I would say the trip you have chosen is the dream trip of highway planners, because 90% of it goes through a highway and bypasses the heavy city traffic altogether. In contrast, the public transportation option needs to send the passenger to a hub in the city and in the end the passenger covers far more distance going into the city and out. Let me now create a similar trip for you in London. Say you are travelling from Enfield in the northeastern outskirts of London to Brunel University in the west, just to the north of Heathrow Airport. For this trip, DC's Beltway (I-495) is replaced by London's M25 that circles the city in similar fashion.
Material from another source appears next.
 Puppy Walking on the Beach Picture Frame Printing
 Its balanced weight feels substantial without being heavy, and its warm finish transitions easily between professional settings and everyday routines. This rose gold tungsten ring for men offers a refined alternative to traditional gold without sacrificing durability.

Luckily, both the start and end points of the journey are near M25, so Google Maps would indicate a total distance of about 34 miles that can be taken in 46 minutes. But using public transport, you would use 2 buses and 2 metro trips (Bus 121 to Oakwood Station on Piccadilly Line, then switch to the Metropolitan Line at King's Cross until Uxbridge and finally take Bus U3 to Brunel University), which would take about 2 hours. So I have the following 2 points to make:
- If a large part of a trip in a metropolitan area takes place on highways, it can be especially fast, but then at rush hours even highways come to a standstill. I have lived in the DC area for a year and I know from experience that it could easily take 40 minutes to cover I495 part of your trip from the I270 junction to the Greenbelt junction, so during rush hour the entire trip could well end up longer than one and a half hour.
- Public transportation works especially great if you work in the downtown, live in a suburb and the two are connected by a single line. In Washington DC many
outlying metro stations have "Park&Ride" carparks so you drive with your car to the station in the morning, and go to the city center by metro.